_What the task requires_. Extract the stretch of lines that starts at the line with "FIGURA 5 – INTERAÇÃO NO DIA DO SURDO" and ends at the last line of the data below. Give it exactly, without pictures.
━━━━━━━━━━━━━━━━━━━━━━━━━━━━━━
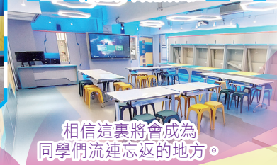
相信這裏將會成為同學們流連忘返的地方。
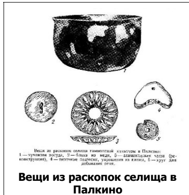
Вещи из раскопок селища в Палкино
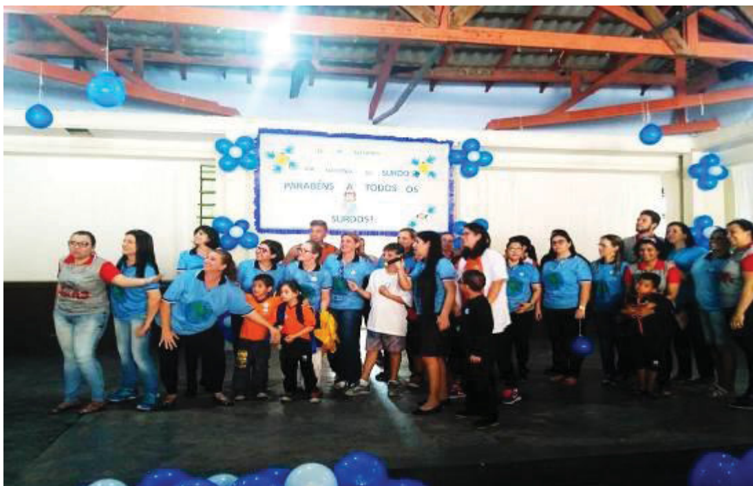
FIGURA 5 – INTERAÇÃO NO DIA DO SURDO

As atividades práticas do dia de homenagem ao Dia do Surdo influenciam sobremaneira a forma como as crianças agem com os amigos e apresentam a surdez e se comunicam com LIBRAS. A criança tem naturalmente facilidade de aprender e quando se desperta nela o interesse e principalmente a empatia para que ela aceite a diferença de comunicação do colega e queira aprender uma outra forma, todos saem ganhando (Figura 5).
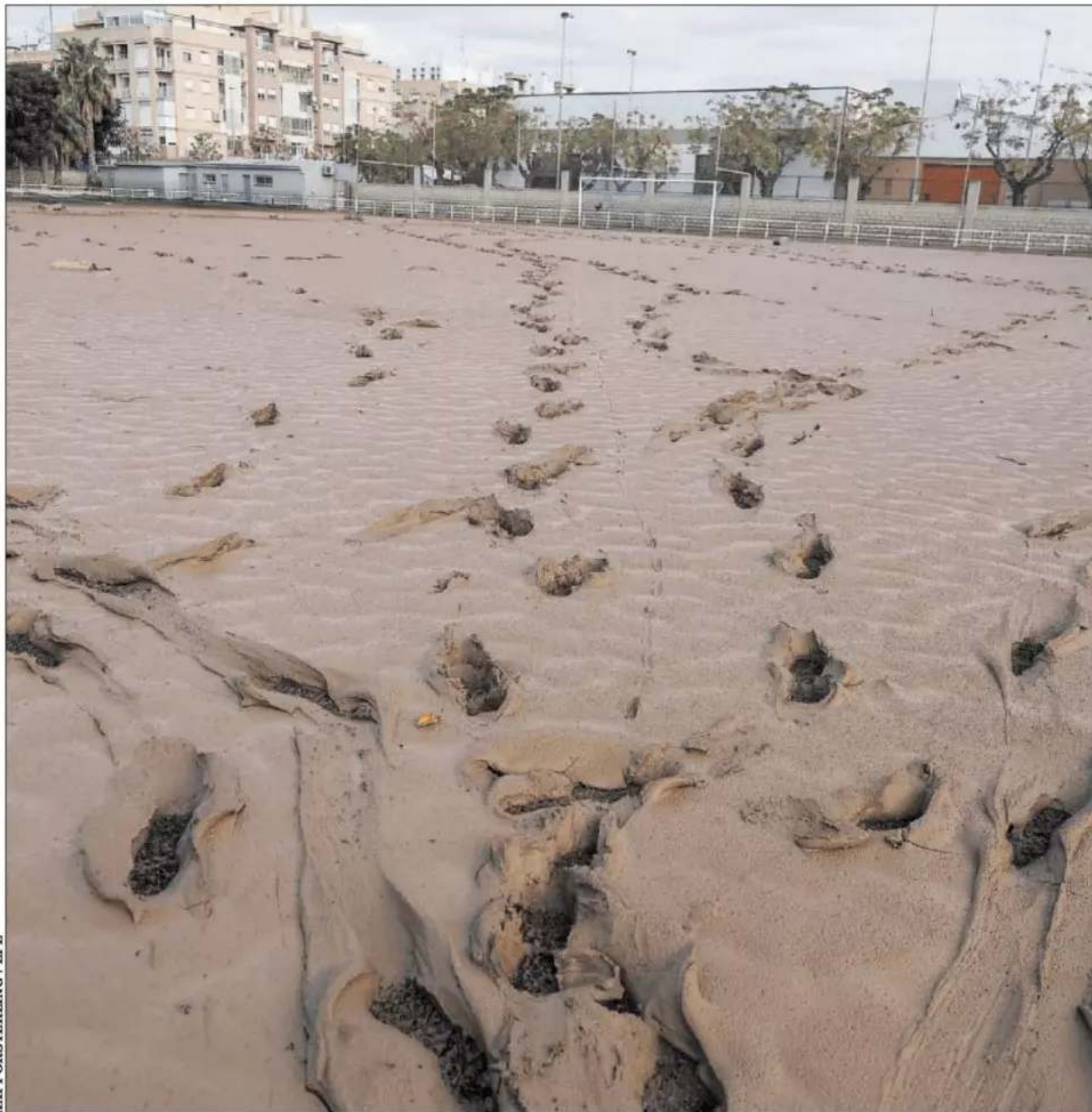
Imagen del campo de fútbol de Sedaví tras las inundaciones del 29 de octubre.
━━━━━━━━━━━━━━━━━━━━━━━━━━━━━━
_Reply_.
FIGURA 5 – INTERAÇÃO NO DIA DO SURDO

As atividades práticas do dia de homenagem ao Dia do Surdo influenciam sobremaneira a forma como as crianças agem com os amigos e apresentam a surdez e se comunicam com LIBRAS. A criança tem naturalmente facilidade de aprender e quando se desperta nela o interesse e principalmente a empatia para que ela aceite a diferença de comunicação do colega e queira aprender uma outra forma, todos saem ganhando (Figura 5).
Imagen del campo de fútbol de Sedaví tras las inundaciones del 29 de octubre.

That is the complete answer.